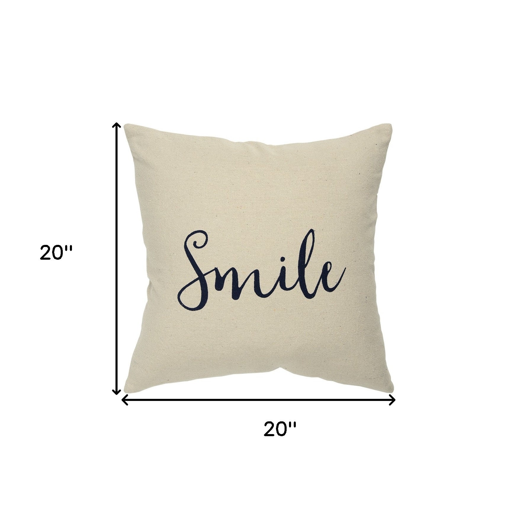 This 20-inch x 20-inch black and taupe cotton zippered pillow will add a beautiful decorative accent to your decor. This super soft decorative pillow is expertly made of high grade, long lasting 100% cotton in a black and taupe coloration. Super soft and built to hold its shape, this polyfill pillow is a great option. Emblazoned with the text smile this pillow adds some visual interest and decor to your space. For anyone that loves to decorate or accent their space with color and texture. Decorative pillows are a great way to change up the look and feel of your space easily and quickly. 20-inch H x 20-inch W x 6.25-inch D
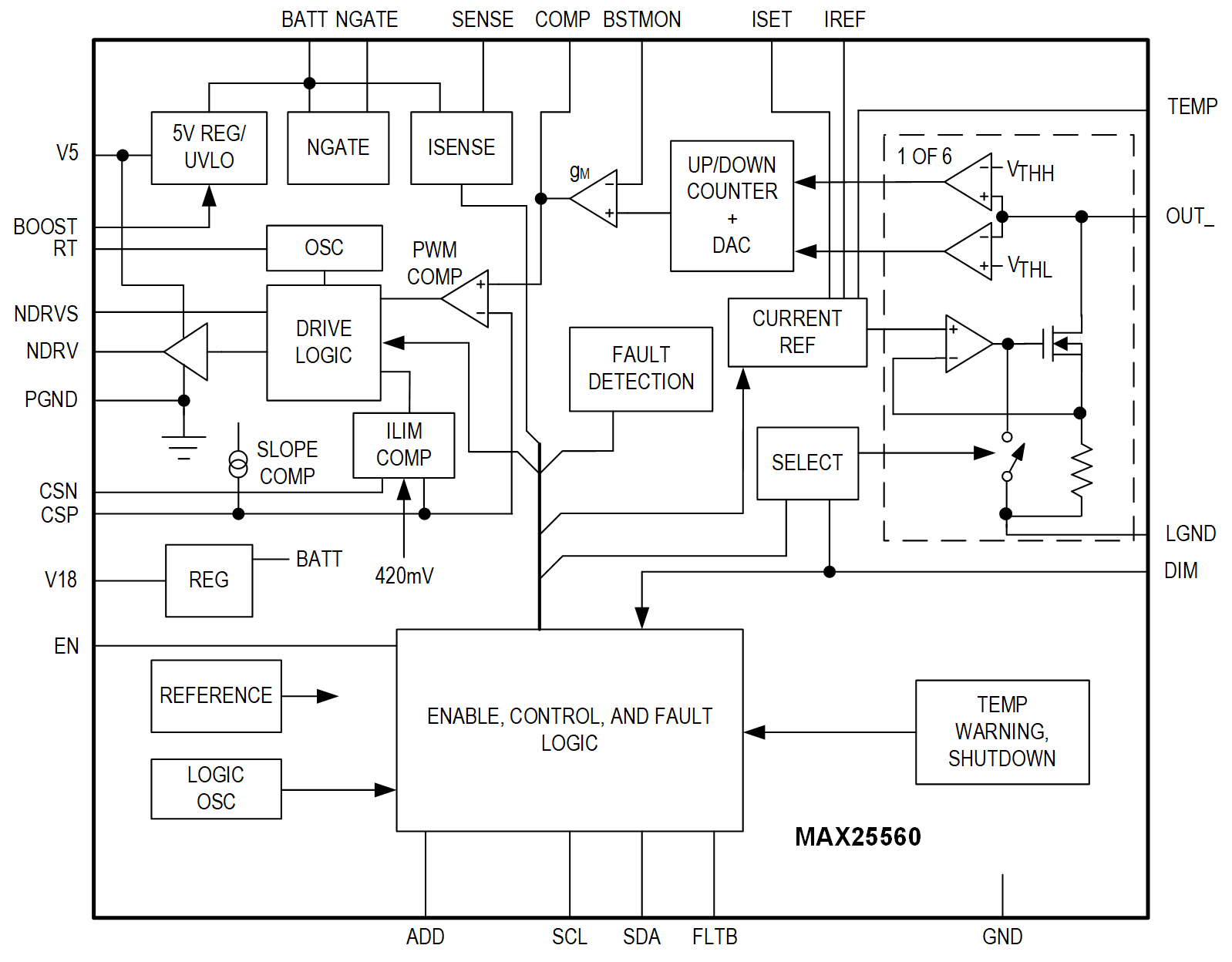 6 x 220mA, ASIL B LED Backlight Driver with Boost Controller
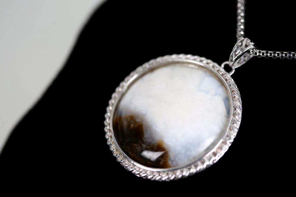 雪花玉銀飾吊墜項鍊組(大)
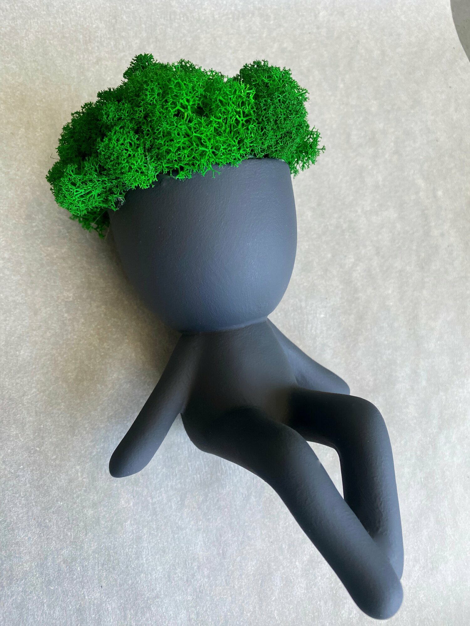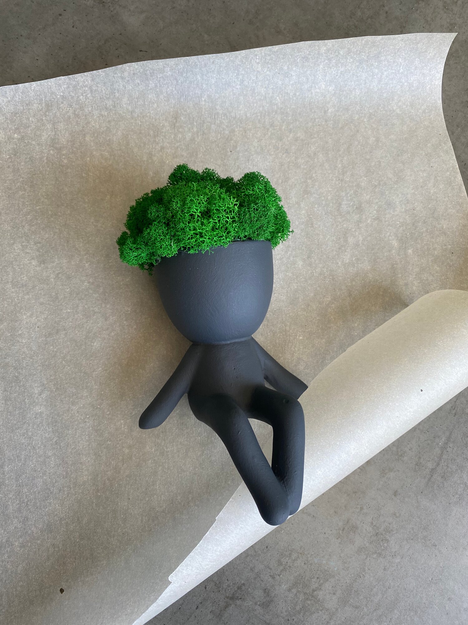 Купить Кашпо Человечек сидящий с стабилизированным мхом черное, 17 см
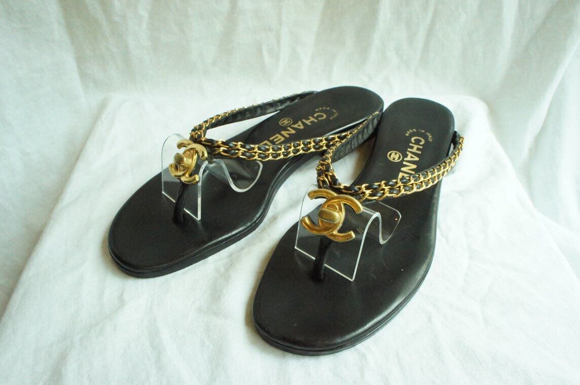 チェーンレザーのストラップにゴールドカラーのココマークがCHANELならでは一足!
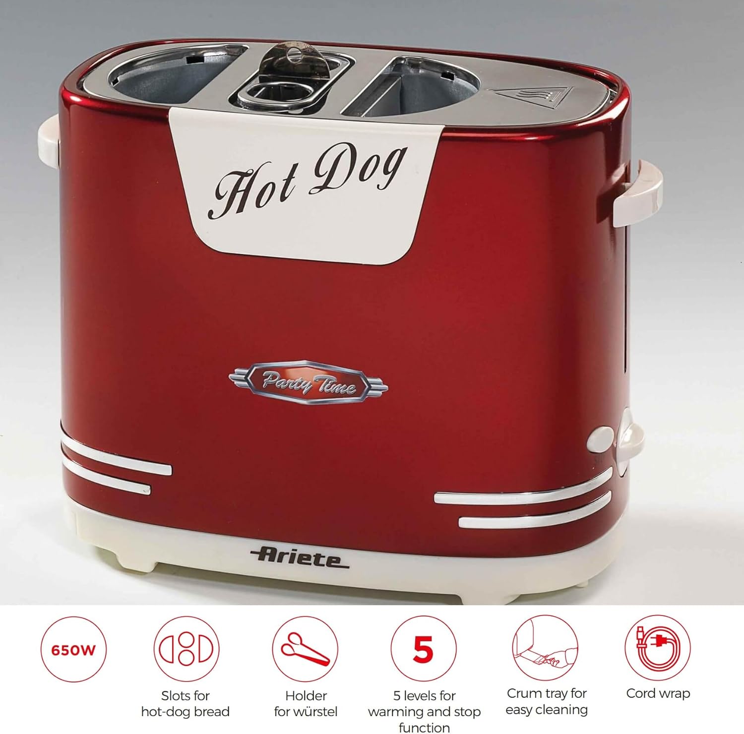 هات داگ ساز آریته مدل 186 دستگاهی جمع و جور و شیک با طراحی رترو است. این محصول برای تهیه سریع هات داگ در خانه یا محل کار ایده آل است.
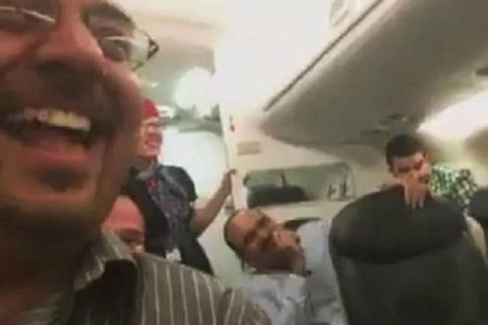 «Aquí está la aeromoza, nos van a dar un vale», dijo, mientras cada palabra suya hacía que las risas se multiplicaran, cuenta RT.
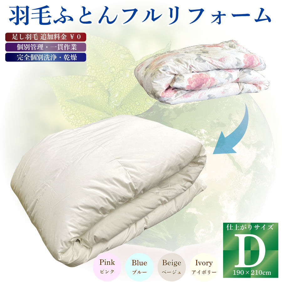 リフォーム対象製品:ダウン50%以上、詰物量1.3kg以上の羽毛ふとん

- - - - - - -

Reprint the entries above exactly, images removed.

 This 20-inch x 20-inch black and taupe cotton zippered pillow will add a beautiful decorative accent to your decor. This super soft decorative pillow is expertly made of high grade, long lasting 100% cotton in a black and taupe coloration. Super soft and built to hold its shape, this polyfill pillow is a great option. Emblazoned with the text smile this pillow adds some visual interest and decor to your space. For anyone that loves to decorate or accent their space with color and texture. Decorative pillows are a great way to change up the look and feel of your space easily and quickly. 20-inch H x 20-inch W x 6.25-inch D
 6 x 220mA, ASIL B LED Backlight Driver with Boost Controller
 雪花玉銀飾吊墜項鍊組(大)
 Купить Кашпо Человечек сидящий с стабилизированным мхом черное, 17 см
 チェーンレザーのストラップにゴールドカラーのココマークがCHANELならでは一足!
 هات داگ ساز آریته مدل 186 دستگاهی جمع و جور و شیک با طراحی رترو است. این محصول برای تهیه سریع هات داگ در خانه یا محل کار ایده آل است.
 «Aquí está la aeromoza, nos van a dar un vale», dijo, mientras cada palabra suya hacía que las risas se multiplicaran, cuenta RT.
 リフォーム対象製品:ダウン50%以上、詰物量1.3kg以上の羽毛ふとん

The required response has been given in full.